Proof of derangements identities

Question

Please help me proving this derangement identity. The problem is show that

$D(n,r,k) = rD(n-1,r-1,k) + D(n-1,r,k)$, where $r < n$*

Answer 1

I’m going to assume that as in D. Hanson, K. Seyffarth, and J.T. Weston, ‘Matchings, Derangements, Rencontres’, Mathematics Magazine, Vol. $56$, No. $4$, pp. $224$-$229$, $D(n,r,k)$ is the number of $r$-permutations of $[n]=\{1,\ldots,n\}$ with exactly $k$ fixed points, where an $r$ permutation of $[n]$ is a permutation $a_1a_2\ldots a_r$ of $r$ elements of $[n]$, and $i$ is a fixed point of $a_1a_2\ldots a_r$ iff $a_i=i$.

It’s helpful to notice that if $\sigma$ is any permutation of $[n]$, we could define $i\in[r]$ to be a fixed point of $a_1a_2\ldots a_r$ if $a_i=\sigma(i)$ without changing the value of $D(n,r,k)$. Imagine an exam with a list of $r$ terms and $n\ge r$ brief definitions that has exactly one correct definition for each term and possibly some extra definitions not matching any of the terms; $D(n,r,k)$ is the number of ways to match $k$ terms with their correct definitions and $r-k$ terms with incorrect definitions. The original definition in terms of $r$-permutations is based on arranging the $n$ definitions so that the $i$-th definition matches the $i$-the term for $i=1,\ldots,r$, but it clearly doesn’t matter where in the list the correct definitions actually are.

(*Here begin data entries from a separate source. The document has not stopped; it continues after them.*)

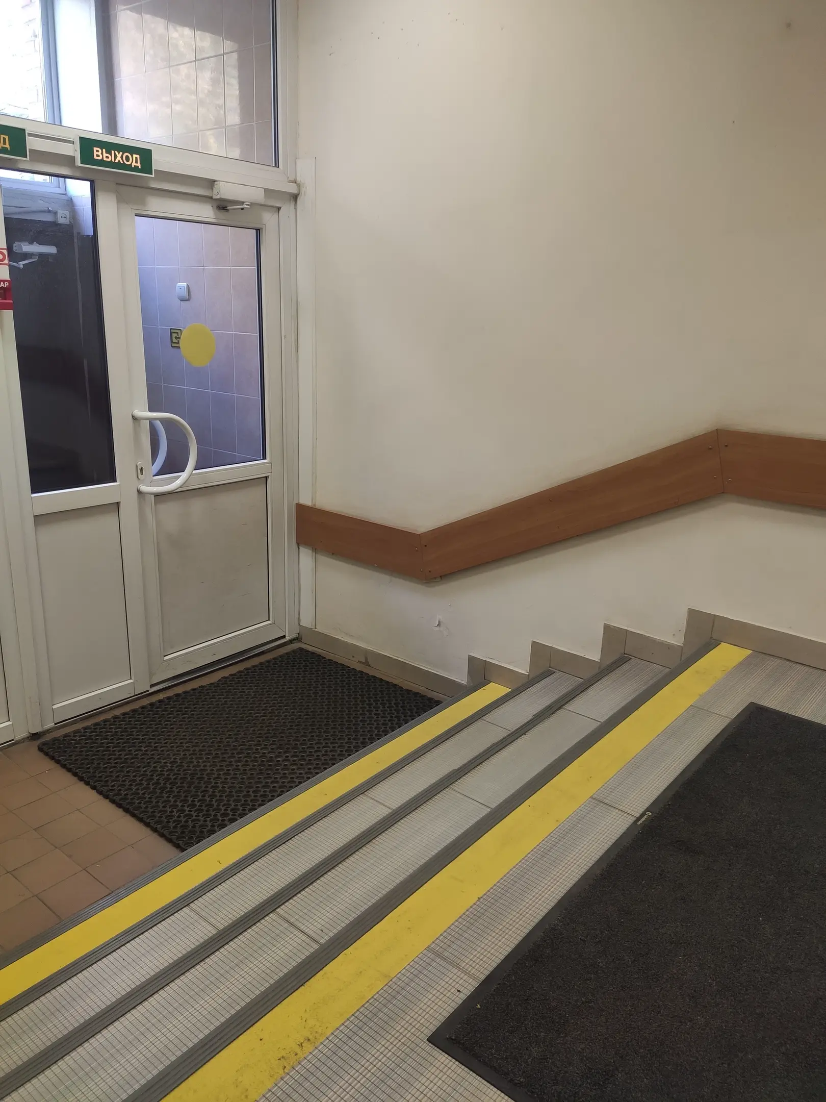 Перед выходом на территорию детского сада имеется табличка с указанием номера телефона для оказания помощи и вызова сопровождающего к месту предоставления услуги
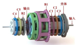 图3新型十三挡行星齿轮变速器构型与原理样机
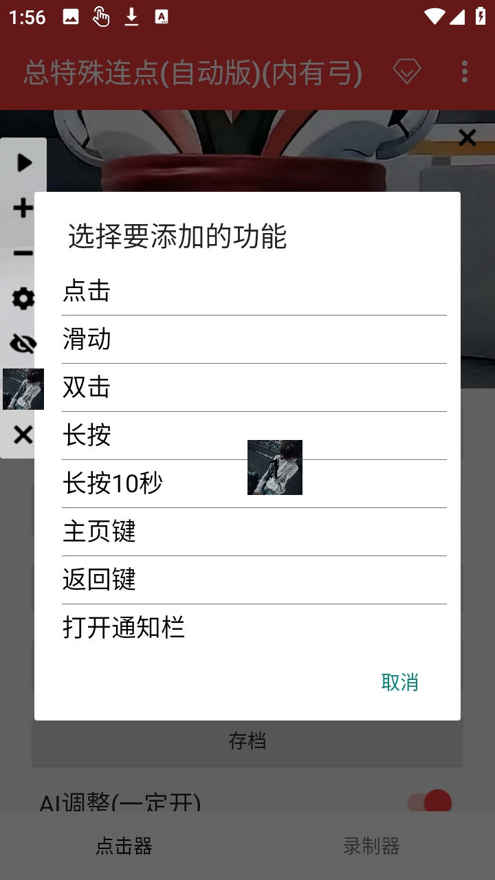 2、点击左侧上方的加号可以添加单点或者多点的手势操作。
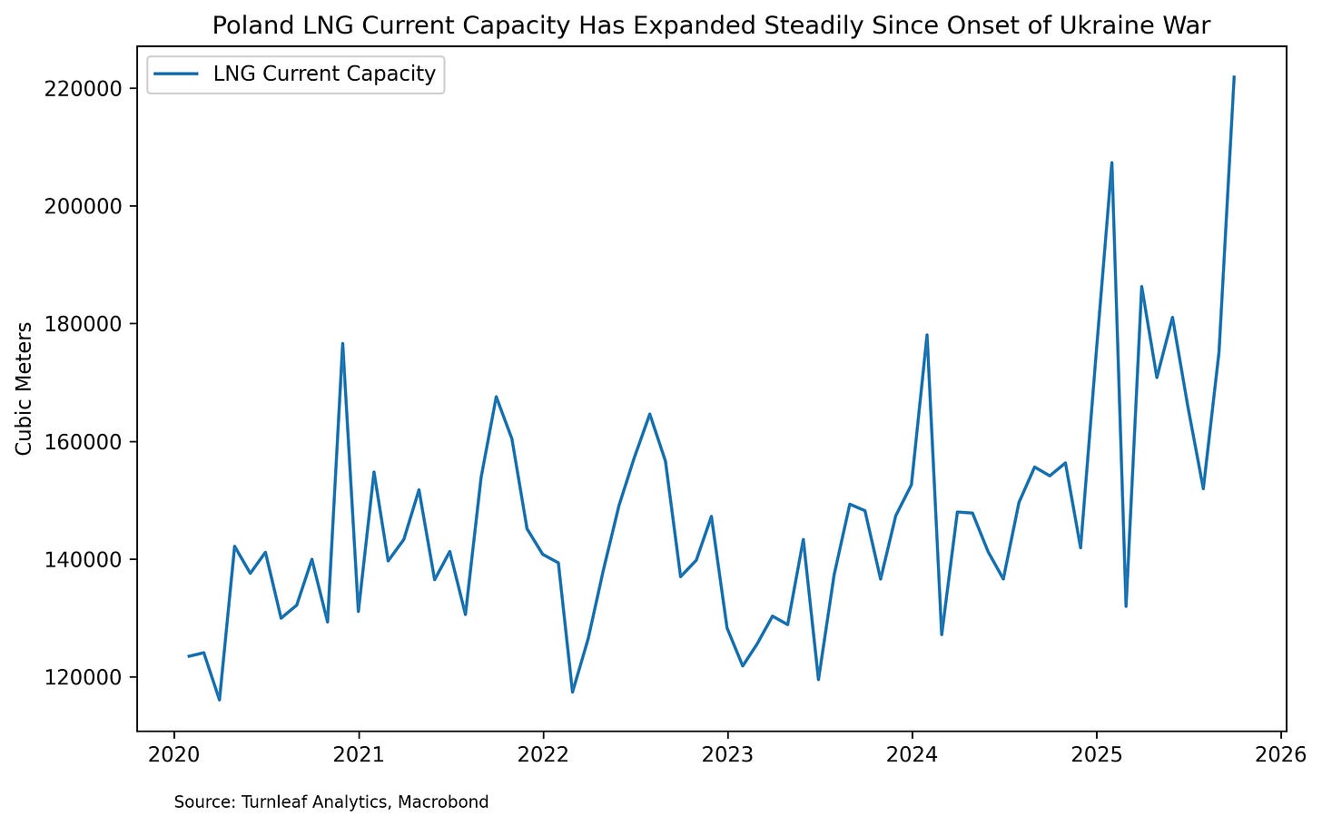 As part of its strategy to decouple from Russian gas, Poland has focused on expanding LNG capacity to diversify its energy mix and ensure greater energy security (Figure 2). However, with favorable base effects from high energy prices fading from the 2026 inflation calculations, gas prices could rise again if supply conditions do not improve. While the expansion of LNG infrastructure is a positive step, Poland’s energy future will depend on securing consistent and affordable energy supplies, with risks of price volatility if supply disruptions or insufficient capacity arise.

First notice that every $r$-permutation of $[n-1]$ with $k$ fixed points is also an $r$-permutation of $[n]$ with $k$ fixed points, and that every $r$-permutation of $[n]$ with $k$ fixed points that does not include $n$ is obtained in this way; this accounts for $D(n-1,r,k)$ $r$-permutations of $[n]$ with $k$ fixed points.

Now consider building an $r$-permutations of $[n]$ with $k$ fixed points that do include $n$. We can put the $n$ in any of the $r$ positions in the permutation. Can you finish this case? I’ve done so in the spoiler-protected area below, but you should try to finish it yourself before looking.

Since $n>r$, $n$ cannot be a fixed point of the permutation, so exactly $k$ of the remaining $r-1$ positions must be fixed points. Choosing which $k$ of those positions are fixed points determines those $k$ elements of the permutation, and the remaining $r-1-k$ elements must be chosen from $[n-1]$ in such a way that they are not fixed points; this can be done in $D(n-1,r-1,k)$ ways: it’s equivalent to the process of choosing an $(r-1)$-permutation of $[n-1]$ with $k$ fixed points. This accounts for the other $rD(n-1,r-1,k)$ $r$-permutations of $[n]$ with $k$ fixed points.